It’s been quiet here. That’s because the overhead of this place is just so much lower. And less is more, people talk too much anyway. And it’s even accessible if you’re not on it, by subcribing to this.
Main
1
Mar 09
PHP6
Some good changes are coming to PHP6, it seems (for those who still care about PHP). A selection:
- register_globals will be gone.
- magic_quotes will also disappear.
- $HTTP_*_VARS has been removed, in favour for $_GET, $_POST, etc.
- E_STRICT error messages are included in E_ALL errors.
- Better Unicode Support.
- safe_mode is being removed.
Thank you PHP people.
1
Mar 09
Some more evidence that the hashtable is the database
Pro:
- How FriendFeed uses MySQL (hint: as a hashtable with indexes)
- The database behind Plurk (twitter clone), also a hashtable
Con:
- Databases as a service, they no likie hashtables
17
Feb 09
MWC: No Android news yet

InformationWeek reports that half a day into the Mobile World Coference in Barcelona many phones have been announced, however, none running Google’s Android. 2009 was supposed to be the year of Android, is it actually going to happen?
We’re only halfway through the first day at Mobile World Congress and already things are looking bleak for Android.

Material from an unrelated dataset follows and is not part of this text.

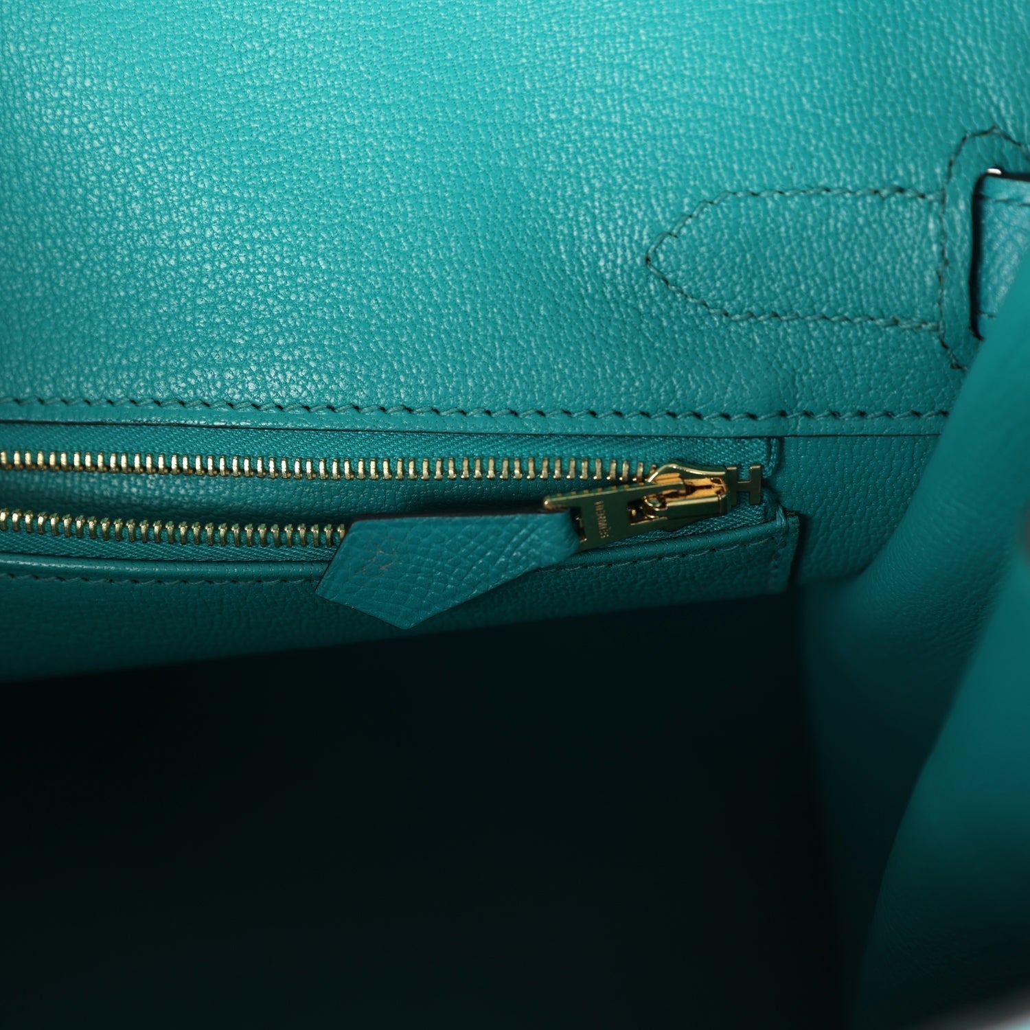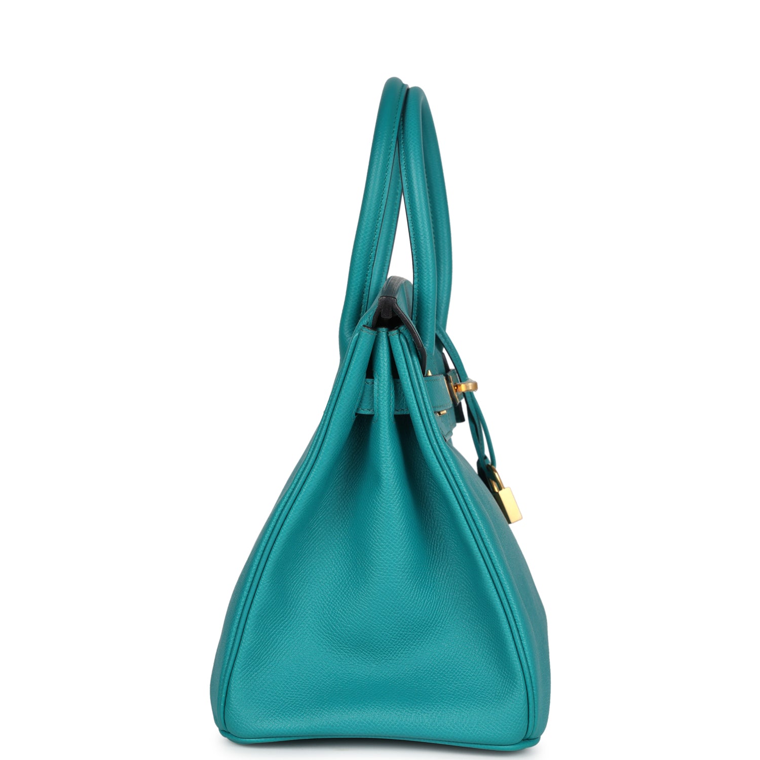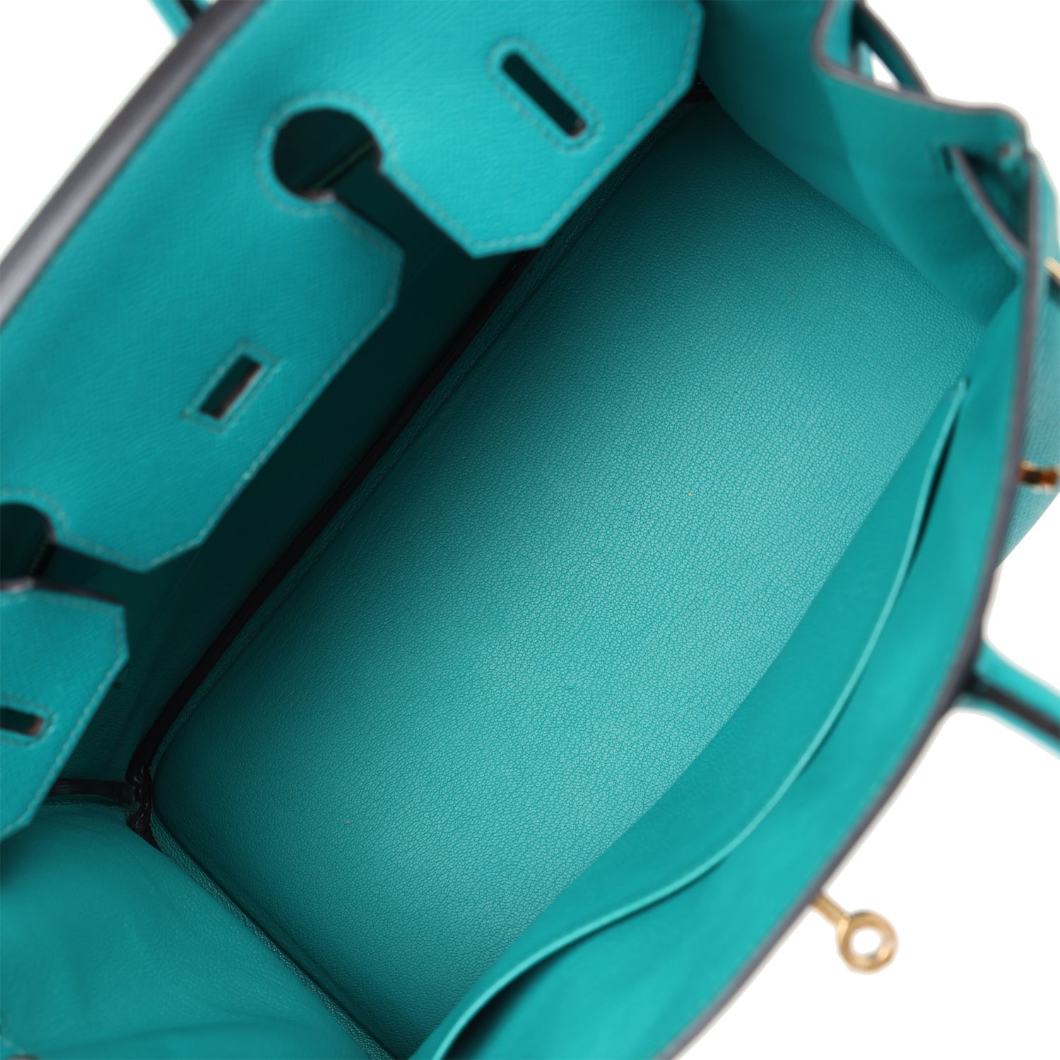 Special Order Birkin is in Bleu Paon epsom leather with gold hardware and has tonal stitching, front flap, two straps with center toggle closure, clochette with lock and two keys, and double rolled handles.

Many of the major manufacturers already have announced their new products at the show, and not one Android handset has been seen. Wow.
13
Feb 09
Mac Chrome renders first page

The Chromium team got a first page rendering on the Mac version of Google Chrome. Finally.
Over the last couple of months, the group working on Mac Chrome (myself included) has shifted gears from layout tests and WebKit compatibility to getting the application user interface up and limping. That also means getting the separate WebCore renderer processes to communicate over IPC to the browser. Last week, while I was in Cali, the entire team made a tremendous amount of progress getting the cross-platform model and controller classes scaffolded, topped off with a Cocoa UI (with similar strides on Linux using Gtk). We were at the point where you could create new windows and tabs (and close them too) using the shared code, which would spawn/quit associated renderer processes. It was pretty exciting to watch them come and go in Activity Monitor, knowing how close we were to getting bits on the screen. This week, everything came together and we can now load web pages in the renderer processes and display them in tabs.
12
Feb 09
Give Up and Use Tables
Whenever I ask what’s wrong with using tables to build a layout I got an answer involving “semantics”, likely from a semantic web hippie. Don’t get me started on the semantic web, they have been trying to that get off the ground for the past 10 years. Not gonna happen. Luckily there are people that are taking it real:
You know, we’ve all been there. We want to make it work with CSS. But sometimes it’s just not worth the effort. The hacks and conditional comments ruin our clean markup. And we spend hours trying to make a simple layout work. Occasionally, we have to remind ourselves that we’ve done enough and it’s time to move on.
12
Feb 09
Scaling Digg
I love stories with impressive stats and techniques about how to scale web applications. Here’s a good one about how Digg scales. Interesting is that they use MemcacheDB (note their flashy website) for storing much of their data. MemcacheDB is a key-value store, notice the trend?
9
Feb 09
Sync your iPhone or iPod with Google Calendar and Contacts
Google finally launches push synchronization for the iPhone and iPod touch:
For iPhone and Windows Mobile devices, Google Sync allows you to get your Gmail contacts and Google Calendar events onto your phone. Sync uses push technology, which means that any changes you make to your calendar or contacts from the browser or phone will be reflected on your device within minutes. For phones that support SyncML, the tool will allow you to get your Gmail contacts onto your phone. For all of these devices, synchronization happens automatically over the air, without having to manually sync your phone. The connection is always on, which means your information is always up-to-date, no matter where you are or what you’re doing.
2
Feb 09
pipl.com is a bit scary
pipl.com is a search engine for people and it’s a bit scary. This is me for instance. It found website with me on it that I did not even know existed.

What have you found out about yourself you didn’t know?
1
Feb 09
Ruby 1.9.1 out
Just a month ago, Antonio Cangiano ran some benchmarks against a Ruby 1.9.1 preview versus several other Ruby interpreters. Ruby 1.9.1 clocked in at at least twice as fast as Ruby 1.8.7. This is great progress and will tone down some of the “but Ruby is slow” type arguments that have gone around, even though in the grand scheme of things it barely makes a dent.
I don’t care much, but doesn’t it bother people that it was so simple to make Ruby twice as fast? It must have been terribly inefficient before. All the wasted CPU cycles with all those sites running Ruby on Rails applications. Energy wasters.